All products are the same, because the 95% confidence intervals overlap. The way around this is to look specifically at the mean (average) values and use Response Surface Methodology. For instance, you can see in this example, the kill rates increase until 4.0% is reached, but then they decrease. Using the response surface methodology, we would choose the 4% concentration and test to verify that it is, in fact, the best with the 3.5% and the 4.5% concentrations.


BioScience Laboratories, Inc. has always been capable in the realm of bio-statistics, and now we offer a new service: meta-analysis. Meta-analysis is the process of integrating the data from multiple individual studies performed by different technicians at different times at different laboratories into one unified study.
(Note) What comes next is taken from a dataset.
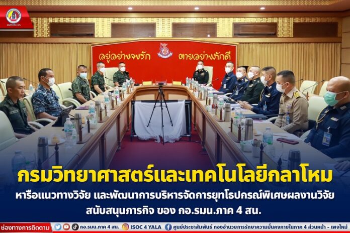 โดยการประชุมในครั้งนี้ เป็นการร่วมหารือในด้านแนวทางการวิจัยและพัฒนาเพื่อสนับสนุนภารกิจของ กองอำนวยการรักษาความมั่นคงภายในภาค 4 ส่วนหน้า แนวทางการบริหารจัดการและซ่อมบำรุงยุทโธปกรณ์พิเศษผลงานวิจัย และแนวทางการให้สิทธิประโยชน์ของนักวิจัยเมื่อลงไปปฏิบัติงานในจังหวัดชายแดนภาคใต้ รวมถึงแนวทางการอนุมัติหลักการให้ใช้สถานที่หน่วยประสานการวิจัยในพื้นที่จังหวัดชายแดนภาคใต้ ตลอดจนติดตามประเมินผลการใช้งานยุทโธปกรณ์พิเศษผลงานวิจัยฯ ที่ผ่านมา ทั้งนี้เพื่อนำผลการประเมินและข้อเสนอแนะต่าง ๆ มาปรับแก้ไขให้งานด้านยุทโธปกรณ์มีคุณภาพ เพื่อปฏิบัติหน้าที่ในการดูแลความปลอดภัยทั้งชีวิตและทรัพย์สินแก่พี่น้องประชาชนตลอดจนกำลังพลให้มีประสิทธิภาพมากยิ่งขึ้น

By using meta-analysis, you can have the various non-FDA studies performed on your product integrated into one study to make sense of the results. This is important, for example, when one researcher finds your product to be very good, and another finds it to be not acceptable. Instead of favoring one researcher and discounting the other, meta-analysis integrates all the studies’ results into one final result.

For FDA studies, you likely will have performed more than one study on your product. Perhaps two studies were done, one pivotal and the other, confirmatory. Meta-analysis can integrate the results from these for inclusion in your FDA submission packet.

To learn more about Meta-Analysis, download a copy of Dr. Paulson's whitepaper entitled Some Basic Points Concerning Meta-Analysis and Clinical Trials.

The models are usually more difficult to make sense of, but that is why BioScience Laboratories can help you. For more information on Statistical Analysis, contact BioScience Laboratories, Inc. CEO Daryl Paulson, Ph.D. at 877-858-2754.

Pharmacokinetic (PK) Studies

The industry requires PK studies for drugs and other studies, such as Maximum Usage Trials (MUsT). In these evaluations, we are measuring the drug’s absorption into and elimination from the body. The way in which the drug is administered (orally, nasally, subcutaneously, intravenously, multiple dose regimen, etc.) determines how the drug is evaluated. In performing these evaluations, we can provide:

  • Area under the Curve from time 0 to the last time of the study
  • Area under the Curve from dosage time 0 to infinity
  • Maximum Concentration (Cmax)
  • Maximum Concentration Time (Tmax)
  • Half-life elimination (T1/2)
  • Absorption rates (ka)
  • Elimination rates (ke)
  • Others are also used in certain studies, which we can provide
  • We can perform bioequivalence testing for a new drug and a standard one using:
    • Average bioequivalence
    • Population bioequivalence
    • Individual bioequivalence
  • The confidence limits are usually set at 90%.
  • Statistics for these tests include:
    • Cross-over design (carry-over effects, period effects, and bioequivalence for the product)
    • T-test (parallel groups)
    • ANOVA
    • Non-parametric statistics
    • Other statistics can also be used.

We can do much more, but these are the standard services.